**What needs to be done**. Print the listing below again, exactly. Skip the pictures.

**Records for this task**.
[Start of section]

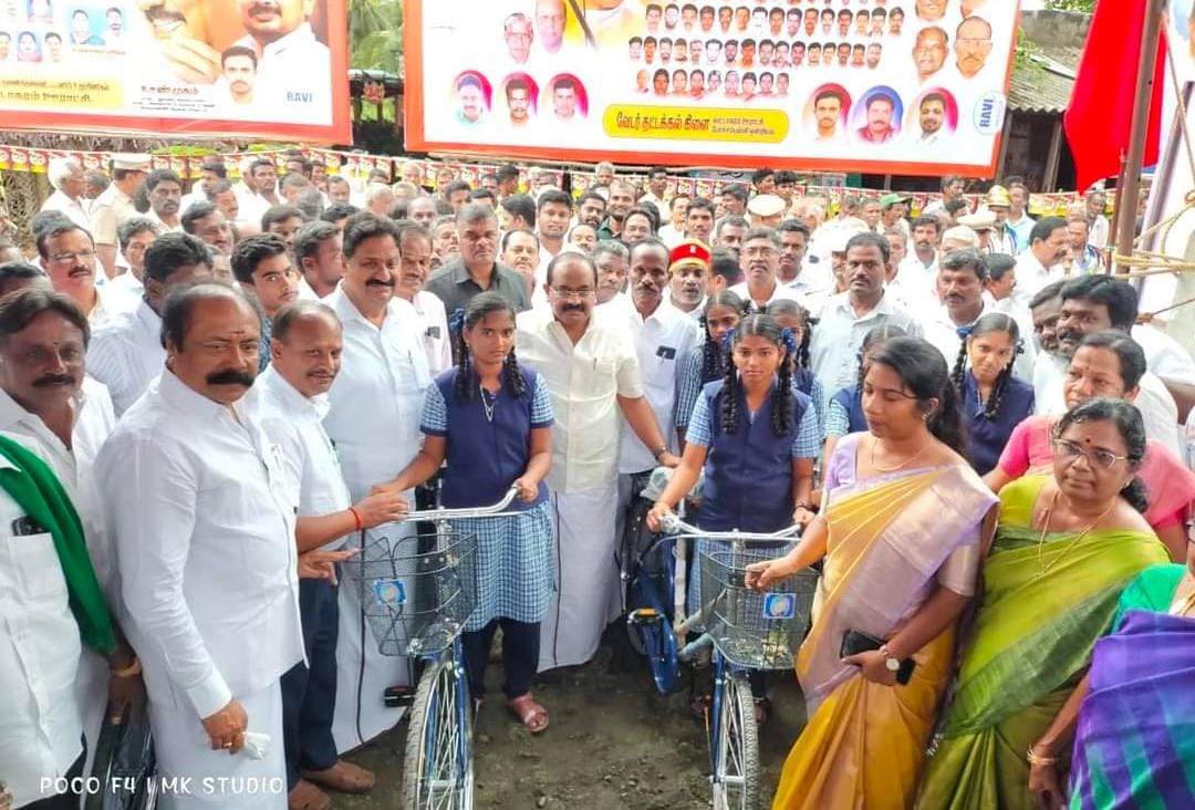 கிருஷ்ணகிரி கிழக்கு மாவட்டம்,பர்கூர் சட்டமன்ற தொகுதிக்குட்பட்ட, போச்சம்பள்ளி ஒன்றியம், காட்டாகரம் ஊராட்சி, அரசு மேல்நிலை பள்ளியில் பயிலும் மாணவ, மாணவிகளுக்கு விலையில்லா இலவச மிதிவண்டி மற்றும் இலவச மரகன்றுகளை வழங்கியும், மேலும் ரூ.42 இலட்சம் 65 ஆயிரம் மதிப்பீட்டில் புதிய கிராம செயலக கட்டிட திறப்பு விழாவில் தமிழ்நாடு உணவு மற்றும் உணவு பொருள் வழங்கல் துறை மாண்புமிகு அமைச்சர் அர.சக்கரபாணி கிருஷ்ணகிரி கிழக்கு மாவட்ட செயலாளரும், பர்கூர் தொகுதி சட்டமன்ற உறுப்பினருமான தே.மதியழகன் MLA ஆகியோர்கள் கலந்து கொண்டு குத்துவிளக்கேற்றி சிறப்புரையாற்றி ஊராட்சி மக்களின் பயன்பாட்டிற்காக திறந்து வைத்தார்கள்.
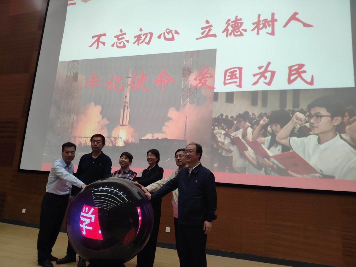 在书院第二报告,“学习延安精神、传承红色基因”主题教育活动正式启动,梁玮、黄进、夏永林、张海战与学习书院常务副院长石翠琴、延安日报社总编辑孙文珍共同按动了启动球,主题教育活动在300多名师生的见证下全面启动。
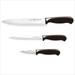 Dig into a juicy steak with this handsome JA Henckels 4-Piece Set of steak knives. The stamped blades are constructed of corrosion-resistant stainless steel with micro serrated cutting edges that never need sharpening. Soft, contoured easy-to-hold santoprene handles provide a secure grip while cutting.
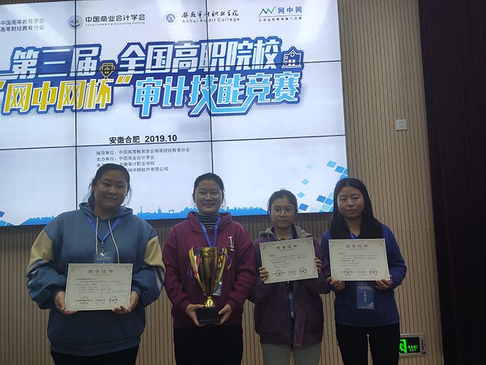 10月26日,由中国高等教育学会高等财经教育分会、中国商业会计学会、安徽审计职业明升体育_明升国际-【app*官网】和厦门网中网软件有限公司联合主办,我系代表队由秦敏、杨帆两位老师指导的四名学生雷亚静、许诺、宋淑婷和聂玲玉在第三届全国高职院校“网中网杯”审计技能竞赛中荣获二等奖。
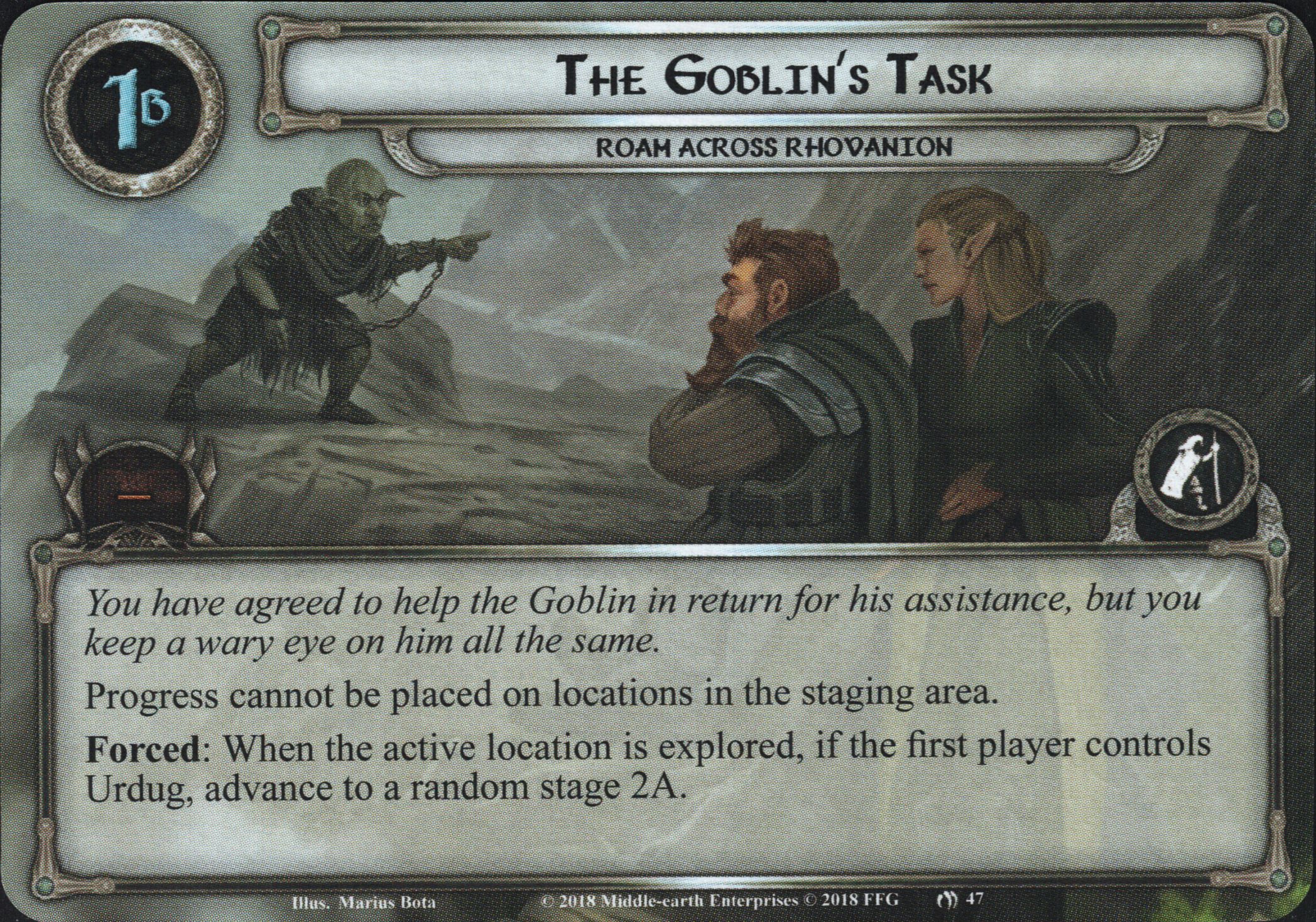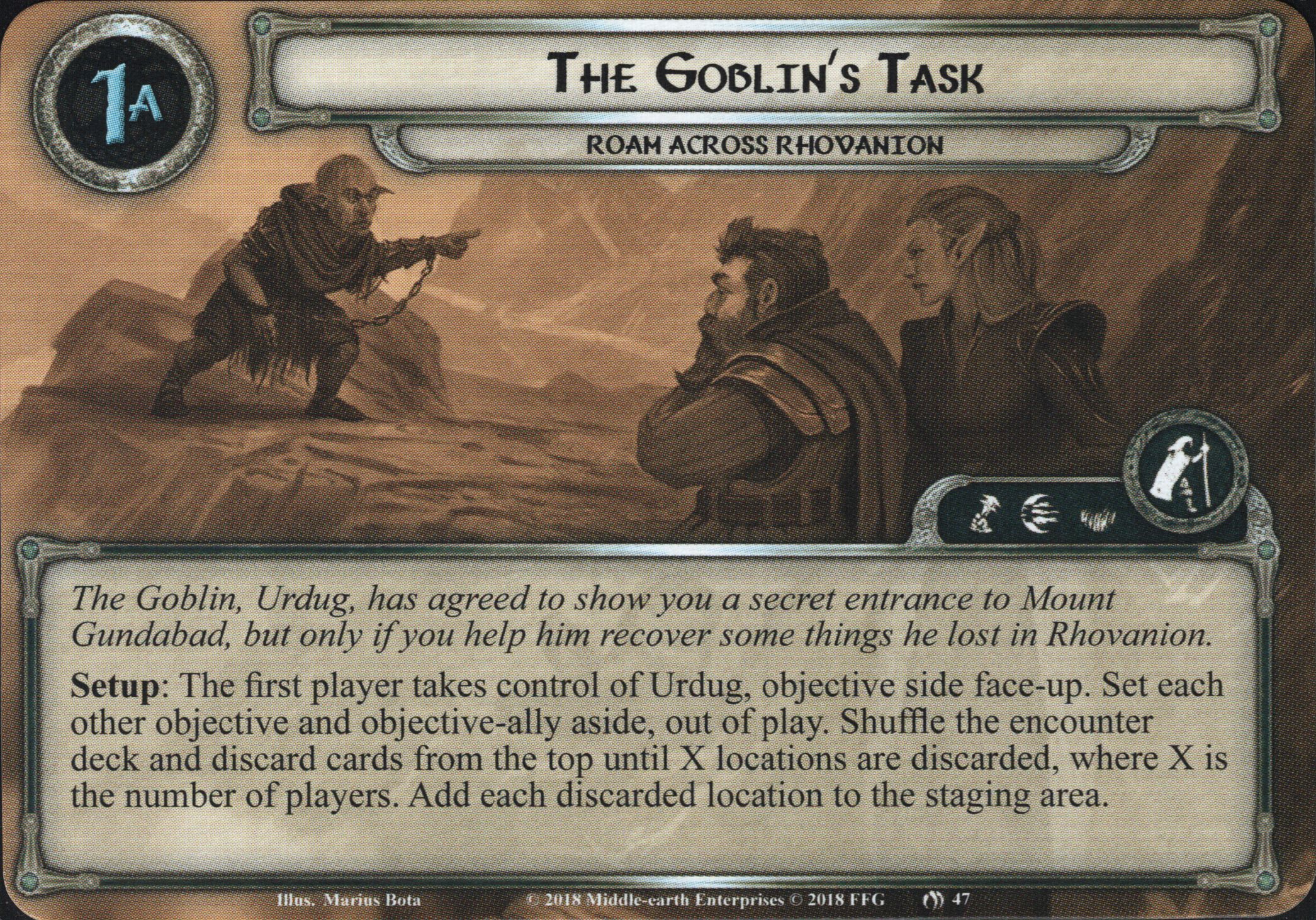 Setup: The first player takes control of Urdug, objective side face-up. Set each other objective and objective-ally aside, out of play. Shuffle the encounter deck and discard cards from the top until X locations are discarded, where X is the number of players. Add each discarded location to the staging area.
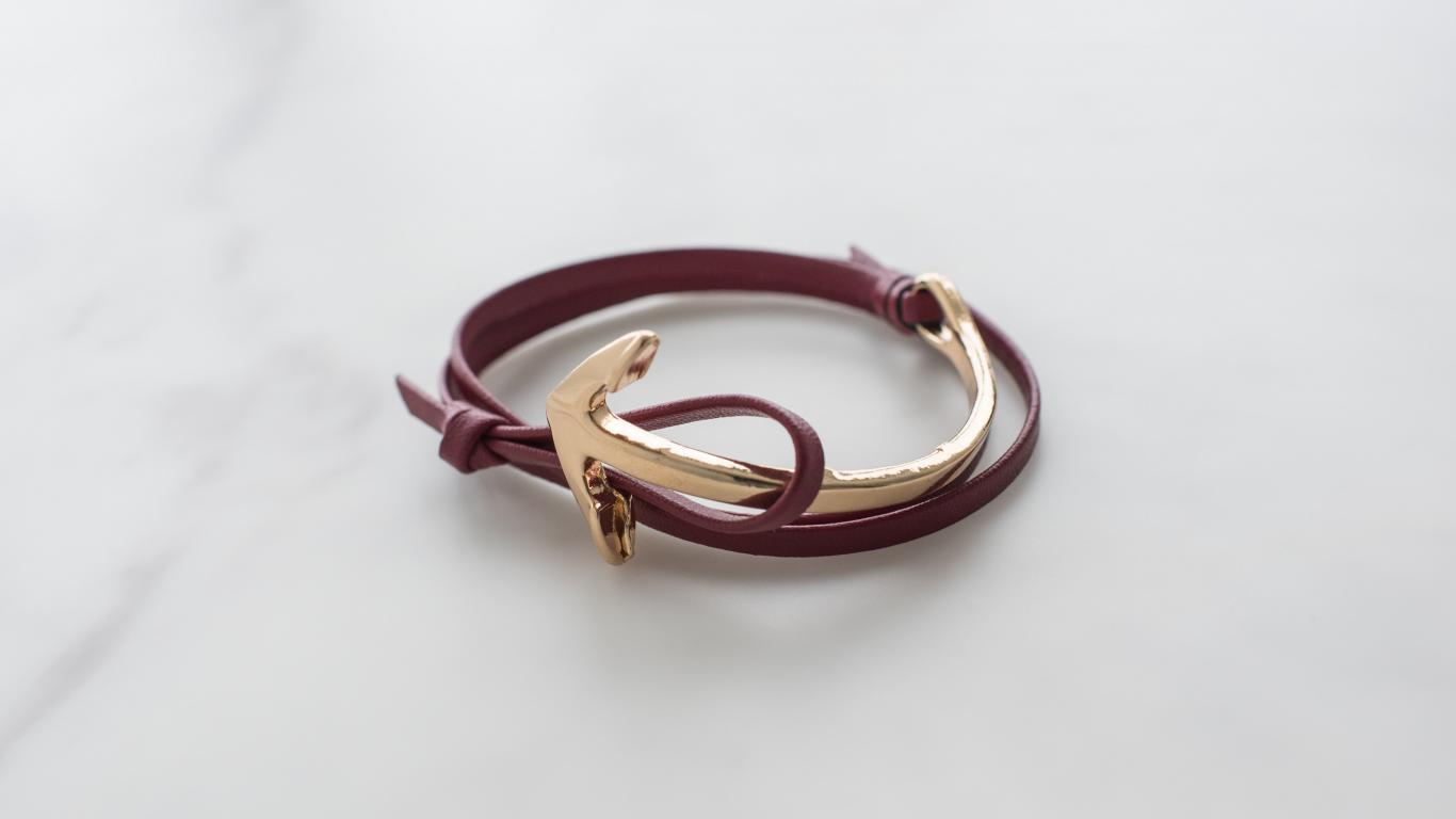Wallpaper Leather bracelet on hand on a gray background

[End of section]

**Solution**.
 கிருஷ்ணகிரி கிழக்கு மாவட்டம்,பர்கூர் சட்டமன்ற தொகுதிக்குட்பட்ட, போச்சம்பள்ளி ஒன்றியம், காட்டாகரம் ஊராட்சி, அரசு மேல்நிலை பள்ளியில் பயிலும் மாணவ, மாணவிகளுக்கு விலையில்லா இலவச மிதிவண்டி மற்றும் இலவச மரகன்றுகளை வழங்கியும், மேலும் ரூ.42 இலட்சம் 65 ஆயிரம் மதிப்பீட்டில் புதிய கிராம செயலக கட்டிட திறப்பு விழாவில் தமிழ்நாடு உணவு மற்றும் உணவு பொருள் வழங்கல் துறை மாண்புமிகு அமைச்சர் அர.சக்கரபாணி கிருஷ்ணகிரி கிழக்கு மாவட்ட செயலாளரும், பர்கூர் தொகுதி சட்டமன்ற உறுப்பினருமான தே.மதியழகன் MLA ஆகியோர்கள் கலந்து கொண்டு குத்துவிளக்கேற்றி சிறப்புரையாற்றி ஊராட்சி மக்களின் பயன்பாட்டிற்காக திறந்து வைத்தார்கள்.
 在书院第二报告,“学习延安精神、传承红色基因”主题教育活动正式启动,梁玮、黄进、夏永林、张海战与学习书院常务副院长石翠琴、延安日报社总编辑孙文珍共同按动了启动球,主题教育活动在300多名师生的见证下全面启动。
 Dig into a juicy steak with this handsome JA Henckels 4-Piece Set of steak knives. The stamped blades are constructed of corrosion-resistant stainless steel with micro serrated cutting edges that never need sharpening. Soft, contoured easy-to-hold santoprene handles provide a secure grip while cutting.
 10月26日,由中国高等教育学会高等财经教育分会、中国商业会计学会、安徽审计职业明升体育_明升国际-【app*官网】和厦门网中网软件有限公司联合主办,我系代表队由秦敏、杨帆两位老师指导的四名学生雷亚静、许诺、宋淑婷和聂玲玉在第三届全国高职院校“网中网杯”审计技能竞赛中荣获二等奖。
 Setup: The first player takes control of Urdug, objective side face-up. Set each other objective and objective-ally aside, out of play. Shuffle the encounter deck and discard cards from the top until X locations are discarded, where X is the number of players. Add each discarded location to the staging area.
Wallpaper Leather bracelet on hand on a gray background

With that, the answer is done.